Martha Elba Castelán Cuspinera. La mirada del colibrí II

 

Martha Elba Castelán Cuspinera. Desde el Taller de Escritura Creativa Miró, dirigido por Miguel Barroso Hernández, en Veracruz; Martha escribe fragmentos de una historia que, por instantes, la toca muy de cerca. De manera sencilla, pero certera, habla del amor, de la familia y de tristezas que a la larga se transforman en felicidad.

Con la pasión de quienes, a través de la literatura, abrazan al mundo; Martha nos invita a reflexionar. El crecimiento de esas mujeres que han tomado las riendas de su vida, está presente en cada uno de sus textos.

 

La mirada del colibrí II

 

¿Puede ser culpable, una niña inocente?

Quizás, los hombres que poblaron mi tierra, hace cientos de años, me enviaron a una diosa protectora y yo la dejé ir. ¡Nunca lo sabré y, hoy, no quiero sentirme culpable! Lo cierto es que recuerdo aquel hallazgo como el verdadero tesoro enterrado que pocos niños tienen el privilegio de encontrar.

Junto a los primos de Puebla disfrutaba, con libertad, las vacaciones en la casona de la tía Lula: una mujer regordeta que nos abría las ventanas, bien temprano, para que entrara la luz, despertándonos con ese silbido que la caracterizaba. “¡Debíamos aprovechar el día!” –decía. Ocho chamacos, para desayunar… y se daba el lujo de preparar jugo, huevos, frijoles, hot cakes y malteadas. ¡Era lo máximo!

Ya habíamos visitado el santuario de Nuestra Señora de los Remedios que, en el atrio, cuenta con una enorme cruz desde donde puedes disfrutar la vista del majestuoso Don Goyo -como llaman los poblanos al Popocatépetl- y de su novia Iztaccíhuatl. Era la melancólica postal de esos volcanes, que nunca dejarán de amarse, coronando una ciudad repleta de iglesias y conventos.

Allí me enteré que el mirador, no estaba sobre un gran cerro si no en la cima de Tlachihualtepetl: el antiguo teocalli construido por los Toltecas -con la base más grande del mundo- que quisieron sepultar los conquistadores, edificando su iglesia.

En esa zona arqueológica de Cholula se respiraba diferente. Años después, regresaría a hacer mis prácticas de psicología, al hospital psiquiátrico de Nuestra Señora de Guadalupe, erigido junto a la pirámide. Los doctores y enfermeros, aseguraban que los pacientes regresaban, luego del alta médica, pues seguramente la energía de Tlachihualtepetl los mantenía en equilibrio.

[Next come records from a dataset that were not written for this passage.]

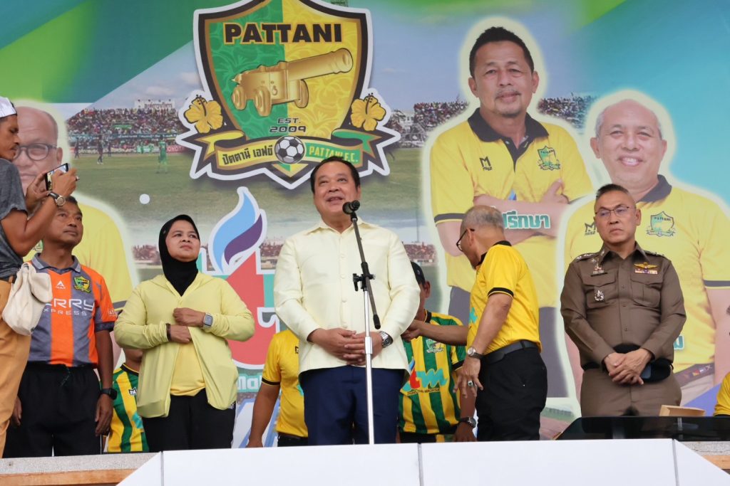ต่อเนื่องเวลาประมาณ 16.40 น. ร่วมพิธีเปิดการแข่งขันฟุตบอลไทยลีก ณ สนามกีฬา อบจ.ปัตตานี โดยมี พ.ต.อ.ทวี สอดส่อง รัฐมนตรีว่าการกระทรวงยุติธรรม เป็นประธาน และร่วมส่งคณะหลังเสร็จสิ้นภารกิจ
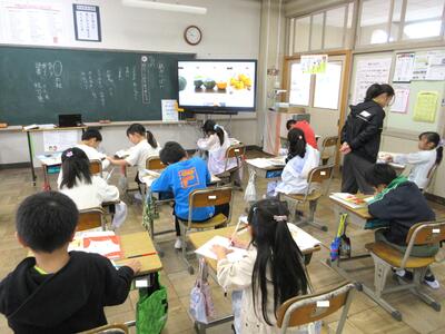3年生の外国語活動では、くだものやスポーツ、色の名前を英語で何というのか学んでいます。
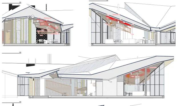Стъклена преграда разделя голямата трапезария от професионална кухня, оборудвана със скари, с тандур – вид глинена пещ, тепаняки – грил в японски стил, стая за опушване на месо.
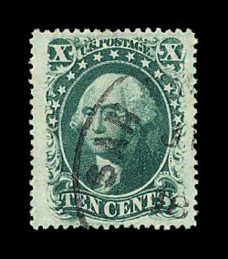 110 O image#31, 10c Green, Ty. I, mathematically precise centering within unusually large margins, rich color and impression, light unobtrusive strikes of a black town c.d.s., extremely fine; an especially scarce stamp so well centered and margined; 1979 PF certificate. (Image) 1,050.00
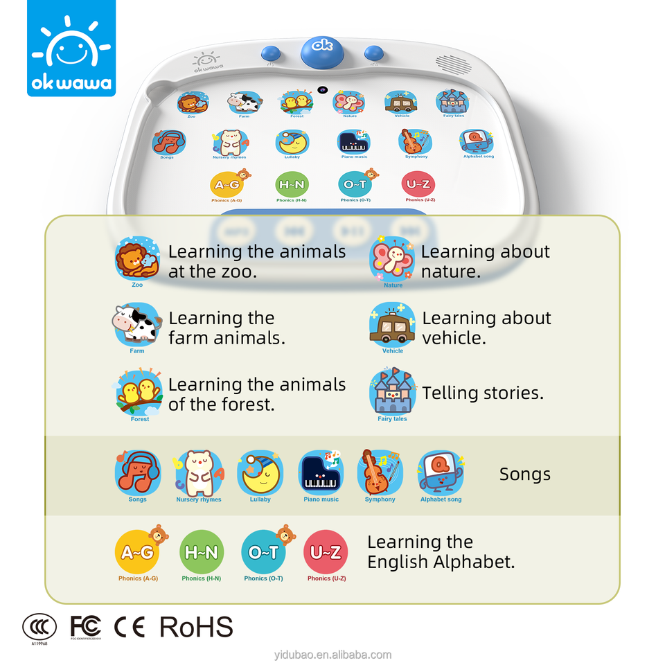 แท็บเล็ตการเรียนรู้อัจฉริยะสำหรับเด็กก่อนวัยเรียนการเล่นเรื่องราวเกมปริศนาพร้อมแฟลชการ์ดการตรัสรู้ในวัยเด็ก
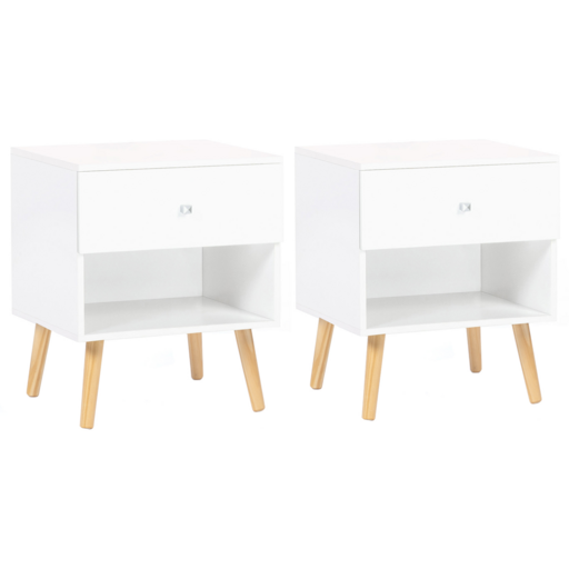Apportez un peu d'esprit nordique dans votre chambre à coucher grâce au lot de deux chevets EMMIE ! Ultra fonctionnelle, la structure du chevet vous permet d'occulter certaines de vos affaires tout en gardant celles de votre choix apparentes. En effet, le tiroir de L.40 x l.34 x H.14 CM vous permet de ranger votre pilulier, votre télécommande ou vos mouchoirs. Vous gardez ainsi une chambre rangée et organisée en toutes circonstances.Outre cet aspect pratique, le design du chevet vous permet de vous servir de la niche inférieure comme support de décoration. Servez-vous de ses 14.5 CM de hauteur pour y déposer une plante comme votre livre de chevet ou un objet de décoration, le blanc de la niche s'y associera parfaitement.Utilisez le large plateau de vos chevets pour y poser une lampe ou votre tasse de thé ! De plus, les lignes épurées de vos chevets apporteront l'esprit cocooning propre aux pays nordiques. Fonctionnels et élégants, les chevets EMMIE blancs s'accordent parfaitement avec votre décoration intérieure.N'hésitez plus et craquez pour ces chevets qui vous assurent une chambre ordonnée et un style infaillible ! Dimensions du lot de 2 tables de chevet EMMIE- Dimensions hors tout : Longueur 40 CM x largeur 34 CM x Hauteur 50 CM- Dimensions du tiroir : L.40 x l.34 x H.14 CM- Dimensions de la niche : L.37 x l.34 x H.14,5 CM - Matériaux : PB 15 MM- Pieds en bois - Coloris : blanc et bois- À monter soi-mêmeCe lot de 2 tables de chevet existe dans un autre coloris et dans un autre design : - Lot de 2 tables de chevet EMMIE 1 tiroir scandinaves bois et noir- Lot de 2 tables de chevet EMMIE 2 tiroirs scandinaves bois et blancRetrouvez l'ensemble de notre collection EMMIE ainsi que nos tables de chevet sur notre boutique en ligne !
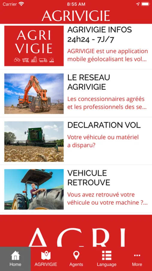 Agrivigie est une application mobile innovante conçue pour répondre aux besoins de sécurité des propriétaires de machines agricoles et de construction. Elle combine la puissance de la géolocalisation en temps réel avec une communauté de veille proactive, offrant ainsi une solution complète pour prévenir les vols et faciliter la récupération des équipements (Informations disponibles en 26 langues).
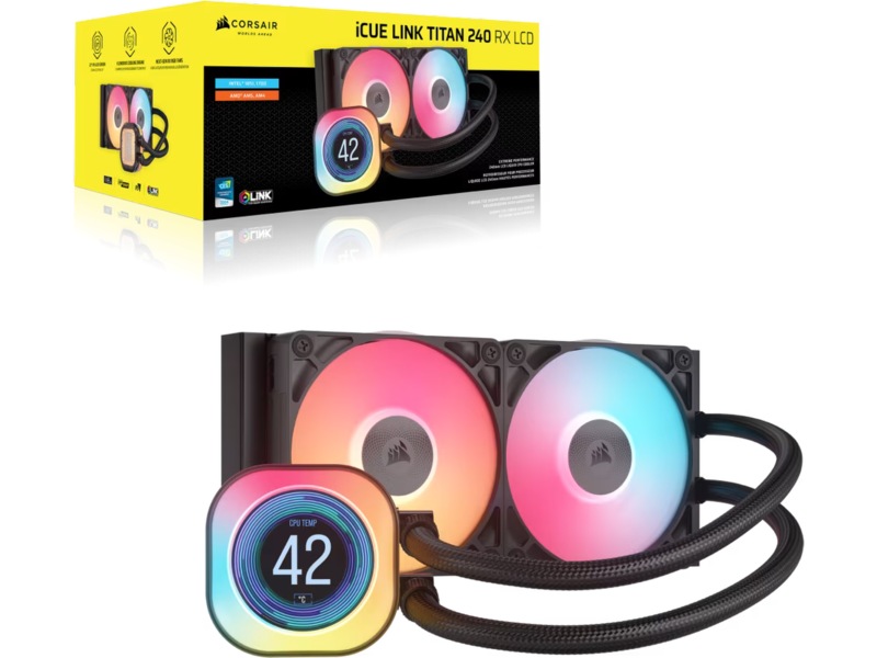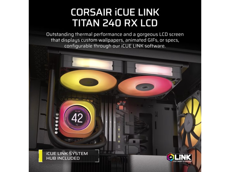 CORSAIR iCUE LINK TITAN RX LCD leverer høy ytelse, ekstremt stillegående kjøling med optimalisert termisk ytelse, strømlinjeformet iCUE LINK-tilkobling og dynamisk RGB-belysning.
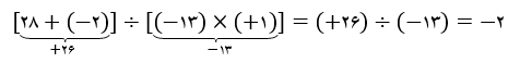 ابتدا حاصل کروشه را به دست می‌آوریم، سپس جواب کروشه‌ی اول را بر جواب کروشه‌ی دوم تقسیم می‌کنیم.

Y, precisamente, durante otra excursión con los primos a las ruinas arqueológicas, fue cuando tuve en mis manos la joya espiritual que no supe retener.

-¡Busquemos los tesoros! –chilló mi prima Lina, alzando un palo.

Todos comenzaron a cavar hoyos y yo hice lo mismo con las manos. “¡Lo encontré…!” –gritaban unos y otros.

Inesperadamente, topé con algo… De entre la tierra saqué esa piedra grande que sacudí con mi suéter y al soplar descubrí su cara y me sentí afortunada. Era una figurilla como de 15 cm, con collar de bolas y aretes; boca, nariz, cejas y ojos, muy bien delineados. Al parecer estaba embarazada. Sujeté fuerte, entre los dedos, una pieza antiquísima que, seguramente, guardaba un mundo de secretos.

 

Al regresar de Puebla, le conté la aventura a mi madre, pero no le dio importancia. Después de preguntar a la muñeca de piedra, mis dudas sobre su existencia y no recibir respuesta, decidí guardarla en una caja de zapatos. Quizás, hasta miedo sentía teniéndola cerca.

Años después, comencé a recibir malas notas en la escuela y tuve que tomar clases particulares. Para asegurar mi calificación, decidí obsequiarle a la maestra el ídolo tolteca, quedándome exenta de la maravillosa energía que he necesitado; pero, sobre todo, sin saber que podía ir a la cárcel si el Instituto Nacional de Antropología e Historia me culpaba por haber robado una riqueza de la nación.